## Your objective
Under this line are records; the part from the line containing "重ためのボブでもダーク系のア" through the line containing "Centre light, oak" should be repeated exactly. Please exclude pictures.

## Data for the task
•••

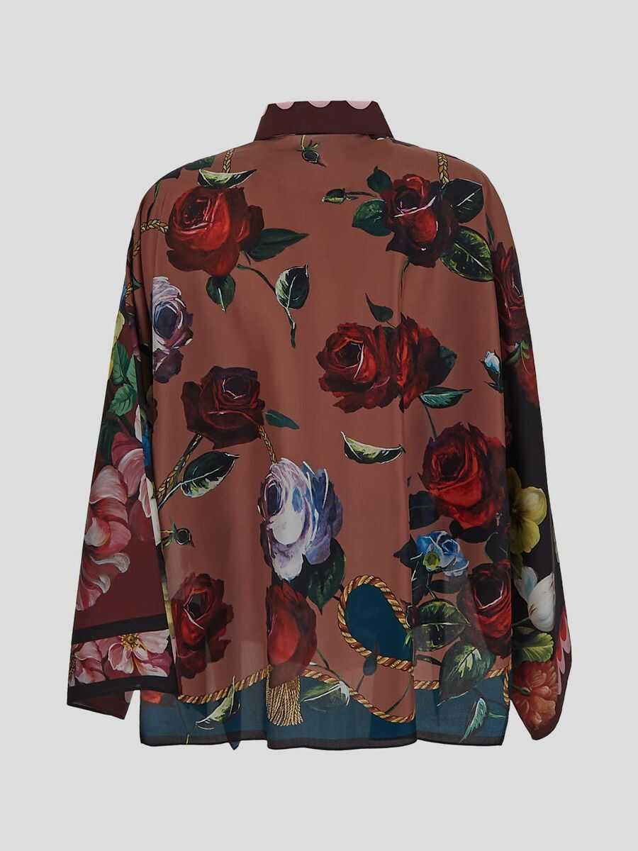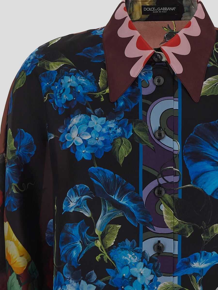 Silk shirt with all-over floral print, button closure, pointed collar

•••

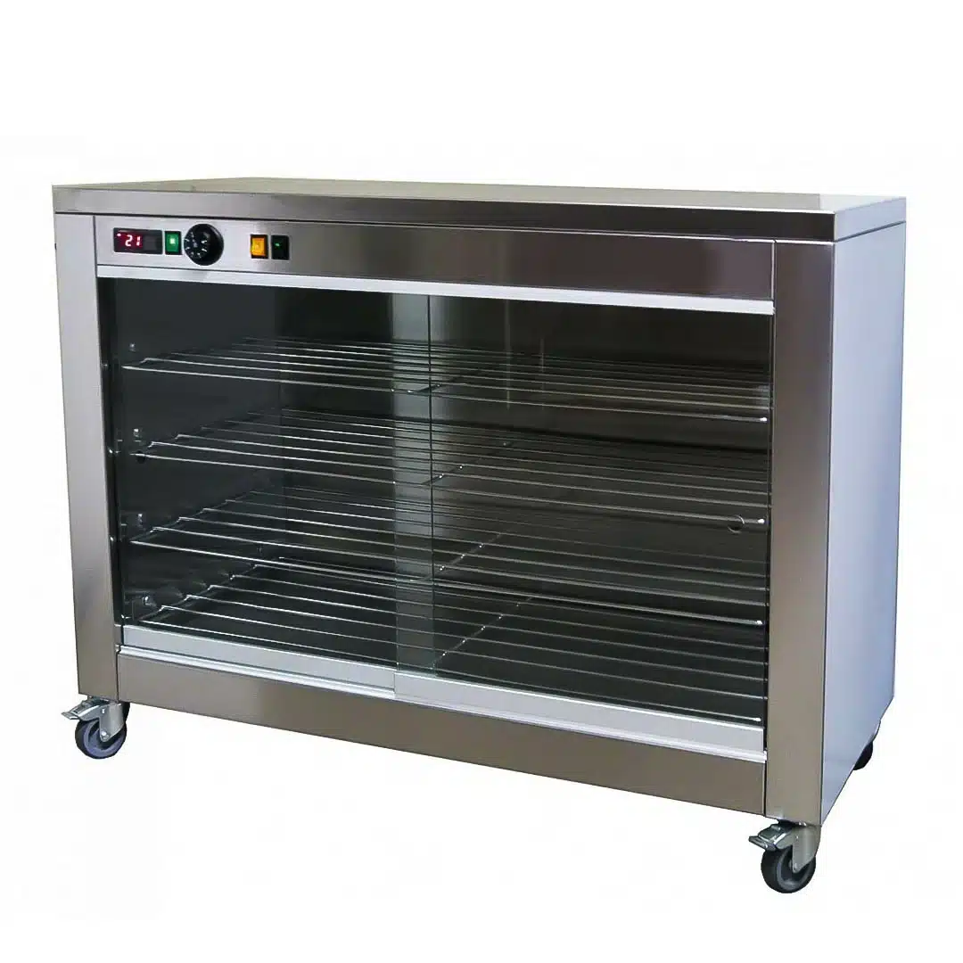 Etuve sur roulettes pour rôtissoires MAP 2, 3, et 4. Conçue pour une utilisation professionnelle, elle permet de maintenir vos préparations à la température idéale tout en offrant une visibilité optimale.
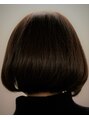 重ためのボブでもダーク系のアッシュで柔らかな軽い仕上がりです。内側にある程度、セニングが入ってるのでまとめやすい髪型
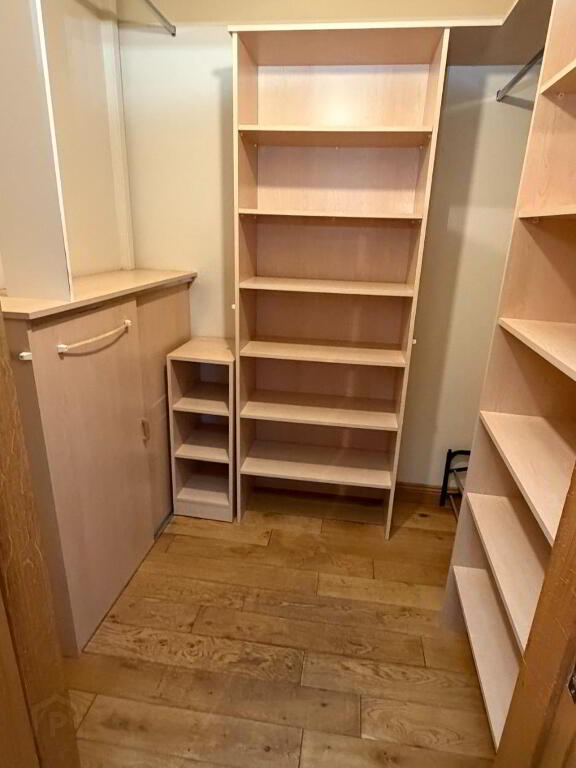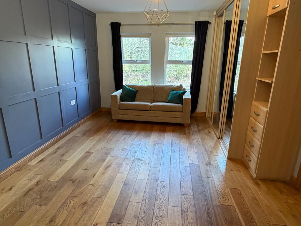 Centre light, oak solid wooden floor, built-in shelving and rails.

•••

## Result of this task
 重ためのボブでもダーク系のアッシュで柔らかな軽い仕上がりです。内側にある程度、セニングが入ってるのでまとめやすい髪型
 Centre light, oak solid wooden floor, built-in shelving and rails.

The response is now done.